John Wu
Tuesday April 15, 2025
4pm
Marlar lounge & via zoom
Astronomy re-envisioned: investigating the physics of galaxy evolution with Machine Learning
Interpretable machine learning (ML) techniques and artificial intelligence (AI) are revolutionizing our ability to study galaxy evolution and large-scale structure. Convolutional neural networks (CNNs) can now reliably predict galaxies’ physical properties, including cold gas content and metallicity, directly from three-color optical images. These models can even reconstruct entire optical spectra from imaging alone. Highly optimized CNNs can also robustly identify nearby dwarf galaxies from wide-area surveys, significantly expanding the sample of known satellite systems at low redshifts. Meanwhile, graph neural networks (GNNs) can encode the large-scale environment from cosmological simulations, and represent its impacts on the galaxy–halo connection. These applications demonstrate how explainable ML models with strong inductive biases can enable new scientific insights in galaxy evolution and cosmology.

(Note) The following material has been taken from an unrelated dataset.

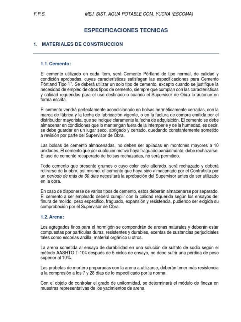 El cemento será del tipo portland, fresco y de calidad probada. el agua deberá ser limpia, no
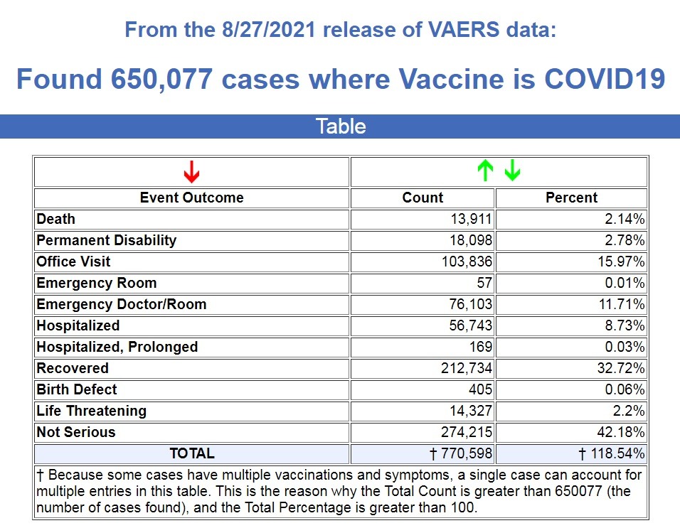 The CDC did another data dump into their Vaccine Adverse Event Reporting System (VAERS) database today. As of August 27, 2021 there have been 13,911 deaths, 2,933,377 injury symptoms, 18,098 permanent disabilities, 76,160 ER visits, 56,912 hospitalizations, and 14,327 life threatening events recorded following experimental COVID-19 “vaccinations.”

With upcoming wide-area surveys from the Vera C. Rubin Observatory, Nancy Grace Roman Space Telescope, and Euclid, advanced ML and interpretable AI methods will play an increasingly vital role in extracting physical understanding from cosmic datasets.

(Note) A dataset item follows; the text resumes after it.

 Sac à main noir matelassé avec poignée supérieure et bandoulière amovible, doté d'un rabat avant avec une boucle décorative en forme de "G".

John Wu is an Assistant Astronomer at STScI and an Associate Research Scientist at JHU. Dr. Wu’s research focuses on studying galaxies with multi-wavelength observations and machine learning methods. He has developed and employed machine learning algorithms that process astronomical imaging data at the pixel scale in order to understand how galaxy appearances are governed by their growth and evolution. Dr. Wu has shown that convolutional neural networks (CNNs) can reliably predict the optical spectra of low-redshift galaxies purely from Pan-STARRS image cutouts. Recently, he and his collaborators have used CNNs to identify >100,000 low-redshift galaxy candidates, and >20,000 probable satellites around known massive host galaxies. He is also using a similar method to determine DESI spectroscopic fiber targets in order to survey a complete population of z < 0.03 galaxies (LOWZ survey).